Compositional Learning of Visually-Grounded Concepts Using Reinforcement
- URL: http://arxiv.org/abs/2309.04504v2
- Date: Fri, 3 May 2024 07:21:37 GMT
- Title: Compositional Learning of Visually-Grounded Concepts Using Reinforcement
- Authors: Zijun Lin, Haidi Azaman, M Ganesh Kumar, Cheston Tan,
- Abstract summary: Children can rapidly generalize compositionally-constructed rules to unseen test sets.
Deep reinforcement learning (RL) agents need to be trained over millions of episodes.
We show that when RL agents are naively trained to navigate to target color-shape combinations, they implicitly learn to decompose the combinations.

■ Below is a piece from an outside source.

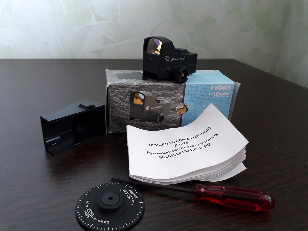 Прицел коллиматорный Пилар Р1х20. Можно ставить на 12 калибр. Весит 80 г. Крепление wever

- Score: 5.9143643136818085
- License: http://creativecommons.org/licenses/by/4.0/
- Abstract: Children can rapidly generalize compositionally-constructed rules to unseen test sets. On the other hand, deep reinforcement learning (RL) agents need to be trained over millions of episodes, and their ability to generalize to unseen combinations remains unclear. Hence, we investigate the compositional abilities of RL agents, using the task of navigating to specified color-shape targets in synthetic 3D environments. First, we show that when RL agents are naively trained to navigate to target color-shape combinations, they implicitly learn to decompose the combinations, allowing them to (re-)compose these and succeed at held-out test combinations ("compositional learning"). Second, when agents are pretrained to learn invariant shape and color concepts ("concept learning"), the number of episodes subsequently needed for compositional learning decreased by 20 times. Furthermore, only agents trained on both concept and compositional learning could solve a more complex, out-of-distribution environment in zero-shot fashion. Finally, we verified that only text encoders pretrained on image-text datasets (e.g. CLIP) reduced the number of training episodes needed for our agents to demonstrate compositional learning, and also generalized to 5 unseen colors in zero-shot fashion. Overall, our results are the first to demonstrate that RL agents can be trained to implicitly learn concepts and compositionality, to solve more complex environments in zero-shot fashion.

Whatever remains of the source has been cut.